[WHAT THE TASK REQUIRES]:
The stretch wanted below opens at the line containing "Coussins pour salon" and closes at the line containing "Готовое тесто скатайте". Please return it exactly, with no other lines.

[EXERCISE MATERIALS]:

════

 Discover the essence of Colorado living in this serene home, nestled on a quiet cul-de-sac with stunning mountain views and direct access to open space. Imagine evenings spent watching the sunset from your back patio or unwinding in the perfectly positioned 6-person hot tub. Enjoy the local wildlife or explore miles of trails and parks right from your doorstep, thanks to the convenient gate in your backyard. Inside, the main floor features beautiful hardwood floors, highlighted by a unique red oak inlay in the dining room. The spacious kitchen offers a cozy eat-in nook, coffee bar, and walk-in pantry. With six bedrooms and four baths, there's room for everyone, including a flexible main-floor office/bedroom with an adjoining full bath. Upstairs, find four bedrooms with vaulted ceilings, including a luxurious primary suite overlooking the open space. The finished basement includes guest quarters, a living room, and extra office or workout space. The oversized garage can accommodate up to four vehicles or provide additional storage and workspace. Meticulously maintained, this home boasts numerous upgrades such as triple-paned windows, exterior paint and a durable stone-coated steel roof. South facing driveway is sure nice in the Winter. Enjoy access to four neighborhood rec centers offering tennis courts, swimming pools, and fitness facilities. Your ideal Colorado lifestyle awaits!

════

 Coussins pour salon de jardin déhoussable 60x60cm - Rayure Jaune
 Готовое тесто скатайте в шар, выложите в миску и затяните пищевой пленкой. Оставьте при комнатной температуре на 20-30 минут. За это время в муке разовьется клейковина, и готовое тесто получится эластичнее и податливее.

════

[ANSWER BELOW]:
 Coussins pour salon de jardin déhoussable 60x60cm - Rayure Jaune
 Готовое тесто скатайте в шар, выложите в миску и затяните пищевой пленкой. Оставьте при комнатной температуре на 20-30 минут. За это время в муке разовьется клейковина, и готовое тесто получится эластичнее и податливее.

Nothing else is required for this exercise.